テレビ神奈川さんは、県の高野連の先生方が解説をされるが、湘南ケーブルさんのほうは、主に神奈川の高校や大学出身の元選手、指導者の方たちが解説にあたる。
その湘南ケーブルさんの解説陣の末席に入れていただいて、今年で7年目になる。
「神奈川」の高校野球は、みんな上手い。
残念ながら初戦で敗退するようなチームでも、きちんとした野球ができる。日々、腕を磨いてきた選手たちの努力と、指導されてきた方々の骨折りに頭が下がる。
2年生左腕を襲う横浜の強打。
2回戦、横浜高vs.戸塚高の試合が、解説の当番になった。公立校の中では「今年は相模原高と戸塚高が手ごわい……」そんな前評判が耳に届いていた。その通り、ほとんどの送球をストライクスローでつないでみせたシートノックから、戸塚高の意識の高さはネット裏にも伝わってきていた。
戸塚高の先発は、2年生左腕・川崎大輔。
小柄でも全身を使って、渾身の腕の振りから、速球、スライダー、カーブを駆使して、全国レベルの横浜高強打線に真っ向勝負だ。

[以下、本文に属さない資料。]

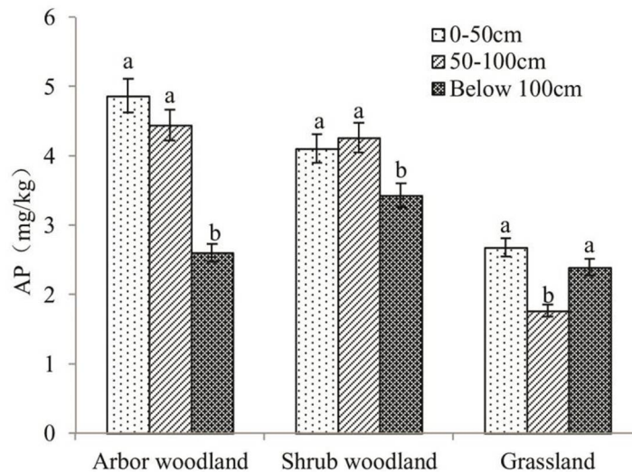
Fig. 3. Soil available P content in different land use types.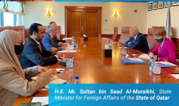
H.E. Mr. Soltan bin Saad Al-Muraikhi, State Minister for Foreign Affairs of the State of Qatar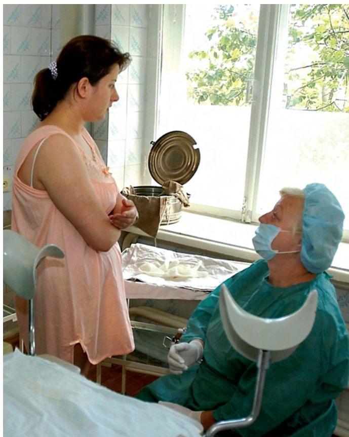
An abortion doctor talks to an unidentified 27-year-old woman before she undergoes an abortion.

Distinguished Professor of OB/GYN at University of North Carolina Medical School, was lead author of a large review article that included all large, long-term studies of abortion in English through 2002. The authors concluded that abortion is associated with depression serious enough to cause risk of self-harm and that women should be warned in the informed-consent process.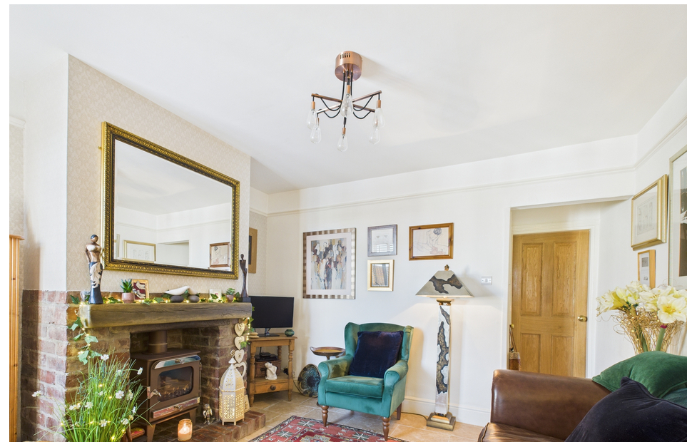
Belper Road, Bargate, Belper, Derbyshire DE56 0SU £290,000 -

初回、2人のランナーを許したが、4番・大手晴中堅手を詰まった二塁ゴロ併殺に打ち取って立ち上がりのピンチをしのいだ。さあ、ここから本来のリズムを取り戻すか……と思ったら、2回の攻撃で横浜高の強打線が川崎投手に襲いかかった。
横浜高5番・塚田陸翔右翼手のレフト前も強烈な打球だったが、その後の6番・冨田進悟左翼手のライト前は、打球が速すぎて球道を見失ってしまった。一塁手、二塁手ともに1歩も動けなかった弾丸ビーム。こんな打球を打つヤツが、「6番」なのか。
“最近の高校野球は、上手くなり過ぎたんじゃないですかねぇ”
解説のマイクに、思わず言いそうになって、呑み込んだ。